→ Exercise aim
A faithful copy is needed of the lines below from the one with "Closeup of cat face with green eyes." up to and including the one with "Le manche est"; set it down with no pictures and no other lines.

→ Records for this task
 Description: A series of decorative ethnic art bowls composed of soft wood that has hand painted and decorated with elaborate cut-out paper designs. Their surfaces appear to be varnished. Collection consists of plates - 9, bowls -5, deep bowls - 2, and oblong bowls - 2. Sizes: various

--

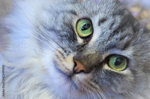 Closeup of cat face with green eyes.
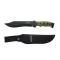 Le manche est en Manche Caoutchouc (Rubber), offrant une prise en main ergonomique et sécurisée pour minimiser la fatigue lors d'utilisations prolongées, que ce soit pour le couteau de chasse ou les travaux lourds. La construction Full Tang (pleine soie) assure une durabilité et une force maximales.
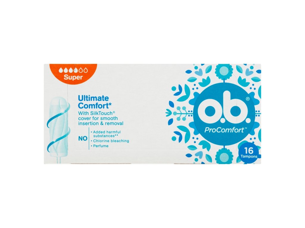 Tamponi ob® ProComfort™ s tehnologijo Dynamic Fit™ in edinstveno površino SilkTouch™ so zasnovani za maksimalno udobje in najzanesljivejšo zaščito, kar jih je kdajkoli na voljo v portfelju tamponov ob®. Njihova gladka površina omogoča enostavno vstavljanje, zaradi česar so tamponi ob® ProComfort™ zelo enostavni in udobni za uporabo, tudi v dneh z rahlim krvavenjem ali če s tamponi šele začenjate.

→ Answer
 Closeup of cat face with green eyes.
 Le manche est en Manche Caoutchouc (Rubber), offrant une prise en main ergonomique et sécurisée pour minimiser la fatigue lors d'utilisations prolongées, que ce soit pour le couteau de chasse ou les travaux lourds. La construction Full Tang (pleine soie) assure une durabilité et une force maximales.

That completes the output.